(Recorded data)

--- --- ---

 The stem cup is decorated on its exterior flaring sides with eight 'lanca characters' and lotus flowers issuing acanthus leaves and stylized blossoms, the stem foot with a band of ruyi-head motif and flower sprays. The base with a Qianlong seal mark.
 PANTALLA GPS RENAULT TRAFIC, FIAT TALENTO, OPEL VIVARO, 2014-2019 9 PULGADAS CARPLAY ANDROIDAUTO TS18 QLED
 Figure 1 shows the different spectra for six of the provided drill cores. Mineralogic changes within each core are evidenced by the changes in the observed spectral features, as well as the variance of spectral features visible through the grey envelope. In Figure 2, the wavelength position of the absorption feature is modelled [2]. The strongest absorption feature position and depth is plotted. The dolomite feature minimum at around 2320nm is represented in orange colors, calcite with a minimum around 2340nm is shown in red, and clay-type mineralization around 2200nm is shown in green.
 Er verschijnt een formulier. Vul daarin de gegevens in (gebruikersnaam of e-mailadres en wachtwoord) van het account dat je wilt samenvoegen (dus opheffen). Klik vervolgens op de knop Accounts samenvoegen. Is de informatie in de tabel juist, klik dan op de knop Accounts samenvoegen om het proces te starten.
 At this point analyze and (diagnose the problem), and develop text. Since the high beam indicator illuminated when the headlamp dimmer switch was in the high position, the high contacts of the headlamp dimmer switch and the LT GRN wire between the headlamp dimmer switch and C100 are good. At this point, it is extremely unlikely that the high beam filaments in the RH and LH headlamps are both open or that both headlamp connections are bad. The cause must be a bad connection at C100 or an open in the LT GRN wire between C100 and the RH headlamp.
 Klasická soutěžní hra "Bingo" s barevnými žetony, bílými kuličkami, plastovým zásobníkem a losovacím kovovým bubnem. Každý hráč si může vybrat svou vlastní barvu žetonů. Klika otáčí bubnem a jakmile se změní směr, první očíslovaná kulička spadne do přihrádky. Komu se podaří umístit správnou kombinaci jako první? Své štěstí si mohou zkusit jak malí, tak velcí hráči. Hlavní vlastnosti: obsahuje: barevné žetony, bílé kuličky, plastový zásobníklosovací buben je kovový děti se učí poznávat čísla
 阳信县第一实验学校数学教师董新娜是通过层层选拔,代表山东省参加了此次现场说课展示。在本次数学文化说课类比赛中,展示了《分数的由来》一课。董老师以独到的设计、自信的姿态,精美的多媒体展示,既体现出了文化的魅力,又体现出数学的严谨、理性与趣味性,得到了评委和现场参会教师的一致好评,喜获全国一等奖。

--- --- ---

* PROBLEM STATEMENT:
Copy out the records above exactly and completely.

* EXERCISE OUTPUT:
 The stem cup is decorated on its exterior flaring sides with eight 'lanca characters' and lotus flowers issuing acanthus leaves and stylized blossoms, the stem foot with a band of ruyi-head motif and flower sprays. The base with a Qianlong seal mark.
 PANTALLA GPS RENAULT TRAFIC, FIAT TALENTO, OPEL VIVARO, 2014-2019 9 PULGADAS CARPLAY ANDROIDAUTO TS18 QLED
 Figure 1 shows the different spectra for six of the provided drill cores. Mineralogic changes within each core are evidenced by the changes in the observed spectral features, as well as the variance of spectral features visible through the grey envelope. In Figure 2, the wavelength position of the absorption feature is modelled [2]. The strongest absorption feature position and depth is plotted. The dolomite feature minimum at around 2320nm is represented in orange colors, calcite with a minimum around 2340nm is shown in red, and clay-type mineralization around 2200nm is shown in green.
 Er verschijnt een formulier. Vul daarin de gegevens in (gebruikersnaam of e-mailadres en wachtwoord) van het account dat je wilt samenvoegen (dus opheffen). Klik vervolgens op de knop Accounts samenvoegen. Is de informatie in de tabel juist, klik dan op de knop Accounts samenvoegen om het proces te starten.
 At this point analyze and (diagnose the problem), and develop text. Since the high beam indicator illuminated when the headlamp dimmer switch was in the high position, the high contacts of the headlamp dimmer switch and the LT GRN wire between the headlamp dimmer switch and C100 are good. At this point, it is extremely unlikely that the high beam filaments in the RH and LH headlamps are both open or that both headlamp connections are bad. The cause must be a bad connection at C100 or an open in the LT GRN wire between C100 and the RH headlamp.
 Klasická soutěžní hra "Bingo" s barevnými žetony, bílými kuličkami, plastovým zásobníkem a losovacím kovovým bubnem. Každý hráč si může vybrat svou vlastní barvu žetonů. Klika otáčí bubnem a jakmile se změní směr, první očíslovaná kulička spadne do přihrádky. Komu se podaří umístit správnou kombinaci jako první? Své štěstí si mohou zkusit jak malí, tak velcí hráči. Hlavní vlastnosti: obsahuje: barevné žetony, bílé kuličky, plastový zásobníklosovací buben je kovový děti se učí poznávat čísla
 阳信县第一实验学校数学教师董新娜是通过层层选拔,代表山东省参加了此次现场说课展示。在本次数学文化说课类比赛中,展示了《分数的由来》一课。董老师以独到的设计、自信的姿态,精美的多媒体展示,既体现出了文化的魅力,又体现出数学的严谨、理性与趣味性,得到了评委和现场参会教师的一致好评,喜获全国一等奖。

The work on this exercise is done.